Угостил я его полбутылочкой за такой за хороший совет, а он и говорит:
– Пиши, Ваня! Пока я жив, не пропадешь! Я тебе кажинный месяц всяких делов на две десятки настряпаю.
Вот в виду того положения, что выбран я сельским корреспондентом, я и пишу полную биографию и портрет и прошу напечатать письмо в отношении председателя Антипа Зубарева под заголовкой: «Долго ли нам терпеть».
Много еще в нашей деревне Горбы разного элемента, в смысле прослойки, каков и есть председатель и он же кулак горбовского сельсовета Антип Зубарев. И вот означенный кровопийца, имеющий жену и двух ребят записанных в комсомольщики, есть полнейший эксплоататор и пьяница, а масса в отношении его не проявляет полной активности и он на свадьбе гражданина Коровина той же деревни (это у меня) так напился, что и стекло разбил, а кому вставлять и на чьи денежки? Я и прошу пропечатать означенный факт и еще евоные взятки, как он за каждую наложенную печать незаконно требует и без бутылки к нему не ходи. И к тому ищи его по всем шинкам, когда что затребуется. Долго ли нам терпеть такое нахальничанье, и да здравствует советская власть.

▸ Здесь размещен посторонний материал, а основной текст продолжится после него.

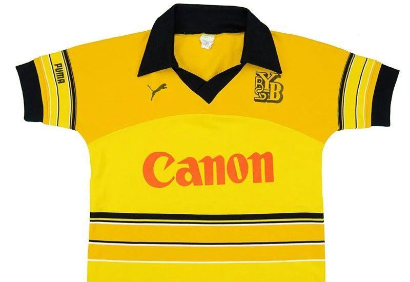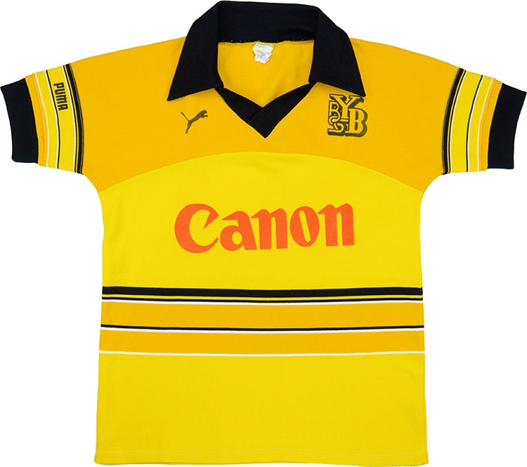 BSC Young Boys 1981-83 home shirt by Puma with great vintage design and classic Canon sponsor as worn when the side finished 5th and 9th respectively place under boss Lambert Theunissen.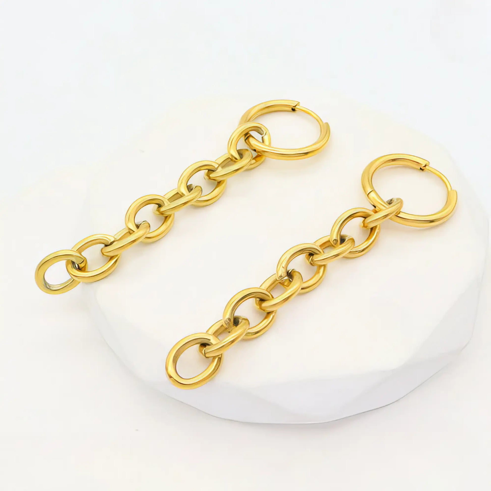 Μακριά σκουλαρίκια σε σχέδιο αλυσίδας, για urban chic στυλ με άποψη.
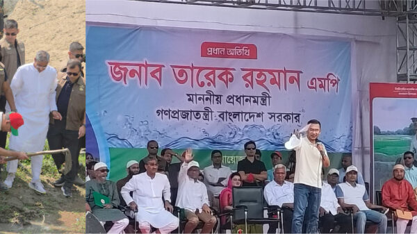 সোমবার (১৬ মার্চ) দুপুরে দিনাজপুরের কাহারোল উপজেলার বলরামপুরে সাহাপাড়া খাল খনন কর্মসূচির উদ্বোধন শেষে আয়োজিত এক বিশাল জনসভায় প্রধান অতিথির বক্তব্যে তিনি এসব কথা বলেন। প্রধানমন্ত্রী বলেন, নির্বাচনের আগে আমরা দেশের মানুষের কাছে অনেক প্রতিশ্রুতি দিয়েছিলাম। আমরা জানি, বাংলাদেশের অধিকাংশ মানুষ গ্রামে বাস করেন এবং তাদের বড় একটি অংশ কৃষির ওপর নির্ভরশীল। আমরা দৃঢ়ভাবে বিশ্বাস করি-কৃষক বাঁচলে দেশ বাঁচবে। তাই কৃষকদের স্বস্তি দিতে ইতিমধ্যে মন্ত্রিসভার বৈঠকে কৃষিঋণ মওকুফের প্রয়োজনীয় ব্যবস্থা গ্রহণ করেছি। এর আগে দুপুর সাড়ে ১২টার দিকে কাহারোল উপজেলা থেকে একযোগে দেশের ৫৩টি খালের খনন ও পুনঃখনন কর্মসূচির আনুষ্ঠানিক উদ্বোধন করেন প্রধানমন্ত্রী। উদ্বোধনকালে তিনি নিজেই কোদাল হাতে মাটি কেটে এই মহতী কার্যক্রমের সূচনা করেন। এরপর তিনি সেখানে একটি ফলদ গাছের চারা রোপণ করেন। কর্মসূচির উদ্বোধনকে কেন্দ্র করে পুরো উত্তরবঙ্গে উৎসবমুখর পরিবেশ বিরাজ করে। উদ্বোধনী অনুষ্ঠানে প্রধানমন্ত্রীর সফরসঙ্গী হিসেবে উপস্থিত ছিলেন বিএনপি মহাসচিব এবং স্থানীয় সরকার, পল্লী উন্নয়ন ও সমবায় মন্ত্রী মির্জা ফখরুল ইসলাম আলমগীর, সমাজকল্যাণ মন্ত্রী ডা. এ জেড এম জাহিদ হোসেন, পানিসম্পদ মন্ত্রী মো. শহীদ উদ্দিন চৌধুরী এ্যানী, দুর্যোগ ব্যবস্থাপনা ও ত্রাণমন্ত্রী আসাদুল হাবিব দুলু এবং পানিসম্পদ প্রতিমন্ত্রী ফরহাদ হোসেন আজাদসহ কেন্দ্রীয় ও স্থানীয় নেতৃবৃন্দ।

Крестьянин-бедняк деревни Горбы Иван Коровин и просьба подписать, когда напечатаете означенное письмо:
Ваня Нарядный.
И если мое письмо напечатаете, будет мне облегчение в моем бедственном положении, если я пишу лучше, чем Степка Кудряш, и этому сам председатель Антип Зубарев есть свидетель, который мое означенное письмо похвалил и говорил, что лучше.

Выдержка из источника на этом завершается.